Two of the main principles at work here are the Extension Principle and the Transfer Principle.

The Extension Principle asserts that any real function has a natural extension; for example, a sequence $u=(u_n)$ of real numbers can be viewed as a function $u:\mathbb N \to \mathbb R$, and therefore has a natural extension $u: {}^\ast \mathbb N \to {}^\ast \mathbb R$.

Thus means that the extended sequence now has terms labeled by all hypernatural numbers, say $H$, as well, so that $u_H$ is well defined. For example if the sequence tends to infinity then the term $u_H$ will be infinitesimal for all infinite $H$. This is shown using the Transfer Principle.

If a sequence $(u_n)$ tends to infinity then $u_H$ will be an infinite hyperreal number for all infinite values $H$ of the index.

The limit of a sequence is defined as the standard part of $u_H$ for infinite $H$. If $u_H$ happens to be infinite then the standard part is not defined and the limit does not exist.

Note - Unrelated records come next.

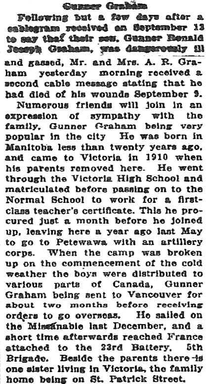 Fils de Adne Richmond Graham, de 1405, St. Patrick St., Victoria, Colombie-Britannique, Canada; époux de Meta Neville Graham.
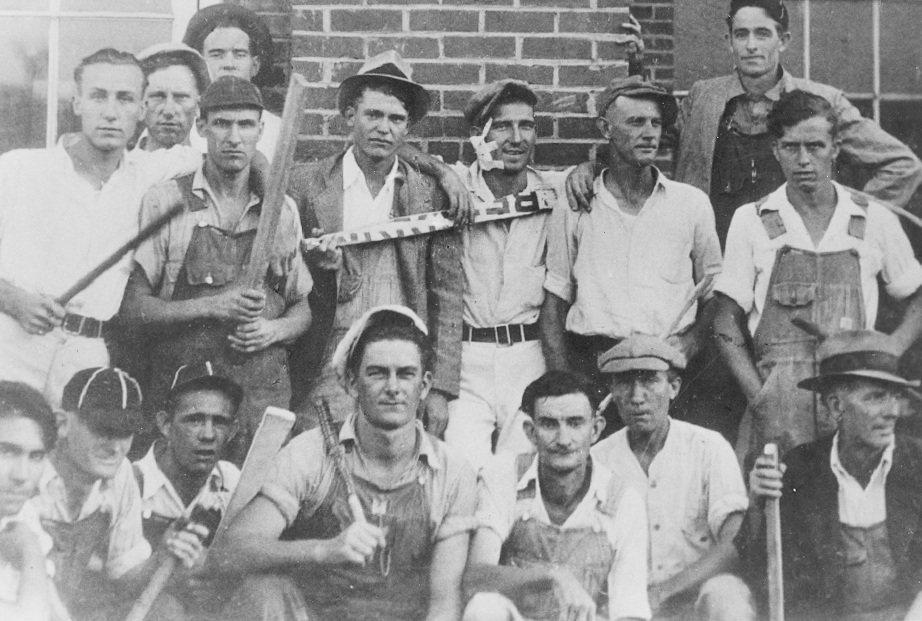 Striking workers fresh from a confrontation with the police outside the Trion Cotton Mill in Trion, Georgia, 1934. A deputy sheriff and union loyalist were killed in the clash. After the fight the pickets re-formed their lines and closed the mill. For a larger high resolution version of this
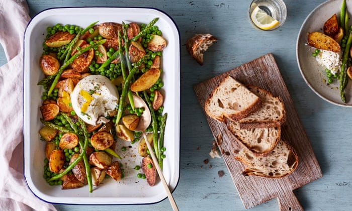 This is a lovely seasonal traybake, starring a whole baked ricotta at the centre. Drizzled with olive oil, sea salt and herbs, the warm ricotta works beautifully with the crisp, lemony roast potatoes, the garlic, peas and asparagus.
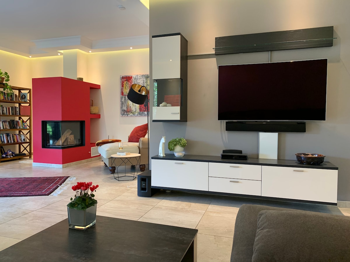 Loftsleilighet 20 minutter med bil fra Potsdam og Berlin og 30 minutter med tog fra BER. Romslig, fullt utstyrt designkjøkken*, bad med Agape Vieques badekar og matchende vask*, soverom med 2,70 m stor seng*, treningsrom kan brukes som et ekstra soveområde. Her er en 1,80 m dobbeltseng*Projektor med forhåndsinstallert app for NETFLIX, Disney + og Amazon Prime Login, leker, supermarked med baker og slakter, drikkevaremarked*Badesjøer og fotturer
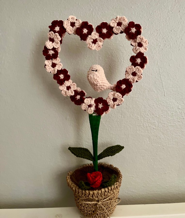 El yapımı bohem tarzda kalp şeklinde tığ işi çiçekler ve içinde küçük bir kuş bulunan dekoratif süs, örgü saksıda.
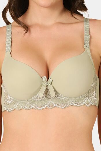 PrettyCat Lightly Padded Underwire Sexy Lace T-Shirt Bra - Light Green

This also provides an explanation of "infinite sums" (more precisely, hyperfinite sums) as follows. Denote by $S_n$ the partial sum of the series defined by the sequence $(u_n)$, so that $S_1=u_1$, $S_2=u_1+u+2, S_3=u_1+u_2+u_3$, etc. Then the sequence of partial sums $(S_n)$ has a natural extension by the Extension Principle. Thus $S_H$ is now defined for an infinite hypernatural $H$. This is the kind of "infinite sum" you have in Robinson's framework. If the series converges then its sum is the standard part of $S_H$.